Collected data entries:
Content starts
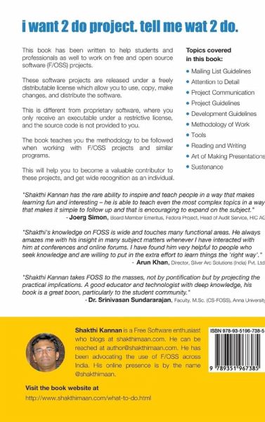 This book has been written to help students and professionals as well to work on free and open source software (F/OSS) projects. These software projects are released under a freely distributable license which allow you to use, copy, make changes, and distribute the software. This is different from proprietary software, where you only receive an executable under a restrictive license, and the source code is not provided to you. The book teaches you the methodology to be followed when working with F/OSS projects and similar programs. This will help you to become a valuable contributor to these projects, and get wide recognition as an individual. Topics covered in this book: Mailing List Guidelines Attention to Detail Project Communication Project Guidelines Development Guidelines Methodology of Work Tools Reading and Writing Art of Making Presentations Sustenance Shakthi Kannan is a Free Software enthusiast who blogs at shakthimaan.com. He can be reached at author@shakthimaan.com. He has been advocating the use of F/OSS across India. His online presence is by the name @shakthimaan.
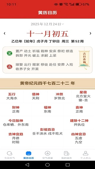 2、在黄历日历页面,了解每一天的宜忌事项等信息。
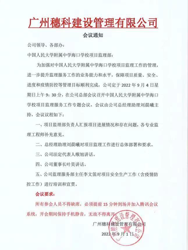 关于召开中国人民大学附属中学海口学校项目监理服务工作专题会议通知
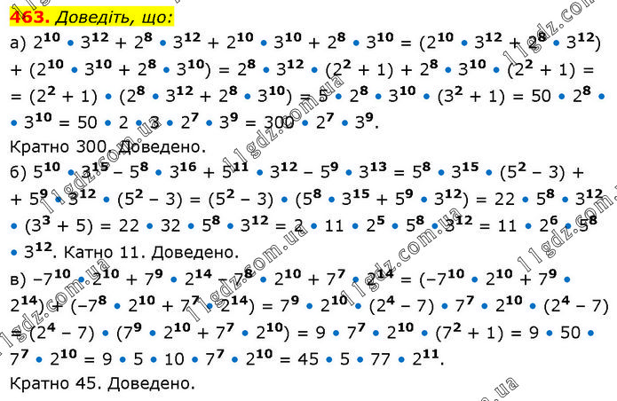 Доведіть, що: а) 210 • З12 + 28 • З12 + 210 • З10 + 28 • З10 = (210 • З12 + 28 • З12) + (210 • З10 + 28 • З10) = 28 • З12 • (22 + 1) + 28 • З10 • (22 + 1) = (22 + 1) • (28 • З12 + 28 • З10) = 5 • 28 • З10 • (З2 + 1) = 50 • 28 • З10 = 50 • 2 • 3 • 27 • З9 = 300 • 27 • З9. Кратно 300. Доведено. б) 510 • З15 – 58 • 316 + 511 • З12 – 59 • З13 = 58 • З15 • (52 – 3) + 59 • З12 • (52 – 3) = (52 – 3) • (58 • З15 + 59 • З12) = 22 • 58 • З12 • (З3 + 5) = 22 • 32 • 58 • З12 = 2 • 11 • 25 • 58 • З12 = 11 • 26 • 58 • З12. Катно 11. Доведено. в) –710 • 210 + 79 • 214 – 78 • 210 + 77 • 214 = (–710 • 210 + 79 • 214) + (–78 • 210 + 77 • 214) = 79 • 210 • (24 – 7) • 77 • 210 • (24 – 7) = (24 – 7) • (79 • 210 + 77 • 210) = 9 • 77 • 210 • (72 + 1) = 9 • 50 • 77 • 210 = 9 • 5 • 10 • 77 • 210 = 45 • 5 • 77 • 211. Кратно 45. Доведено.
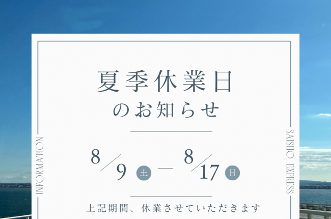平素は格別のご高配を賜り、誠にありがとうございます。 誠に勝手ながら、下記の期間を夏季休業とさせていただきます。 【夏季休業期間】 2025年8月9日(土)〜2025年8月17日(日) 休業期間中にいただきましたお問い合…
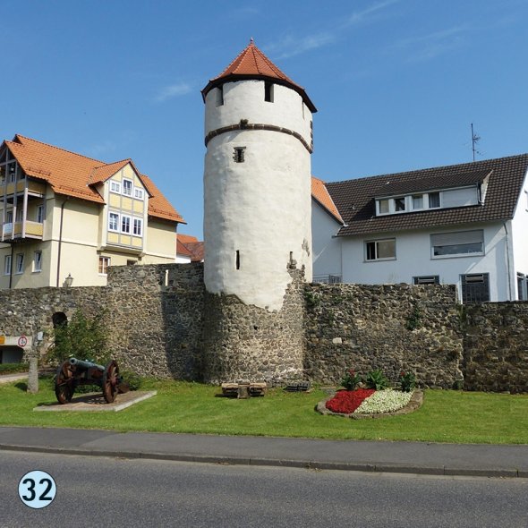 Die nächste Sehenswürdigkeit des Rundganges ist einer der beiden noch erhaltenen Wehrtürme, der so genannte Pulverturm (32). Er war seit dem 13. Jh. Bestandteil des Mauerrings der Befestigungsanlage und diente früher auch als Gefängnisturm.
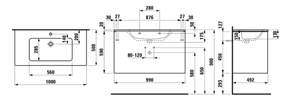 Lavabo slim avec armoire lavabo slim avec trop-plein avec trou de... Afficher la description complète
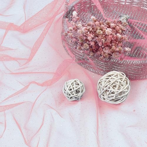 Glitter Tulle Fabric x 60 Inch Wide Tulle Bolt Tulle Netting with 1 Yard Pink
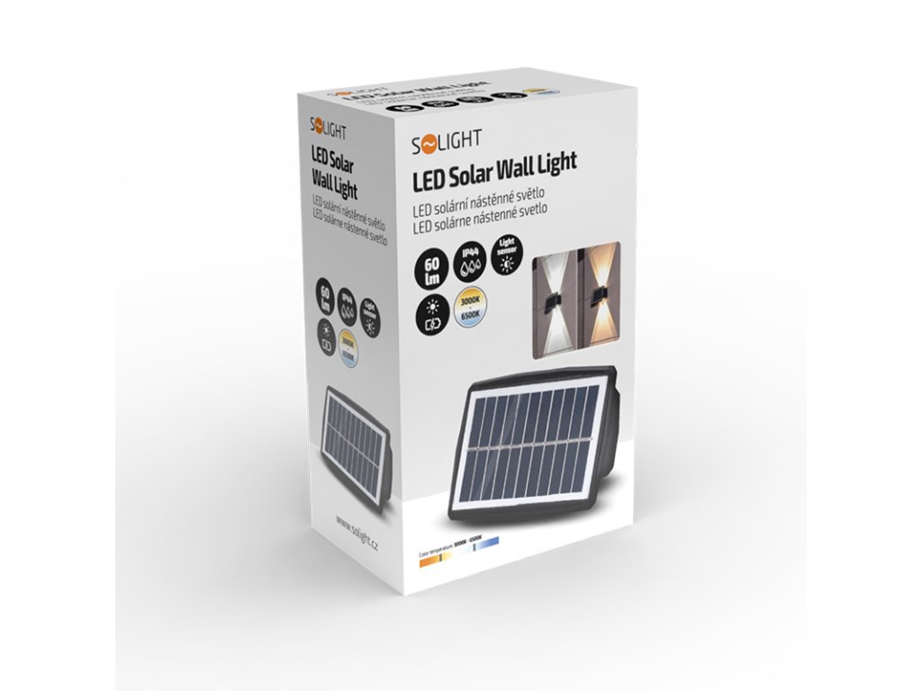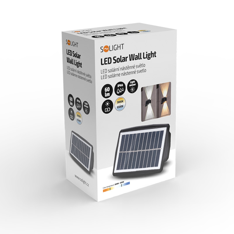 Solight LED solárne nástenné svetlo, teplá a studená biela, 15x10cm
Content ends
- **What you will do**
Beginning with the line where "Lavabo slim avec armoire" appears, transcribe the records above word for word through their last line, and include no pictures.

- **Solution to this exercise**
 Lavabo slim avec armoire lavabo slim avec trop-plein avec trou de... Afficher la description complète
 Glitter Tulle Fabric x 60 Inch Wide Tulle Bolt Tulle Netting with 1 Yard Pink
 Solight LED solárne nástenné svetlo, teplá a studená biela, 15x10cm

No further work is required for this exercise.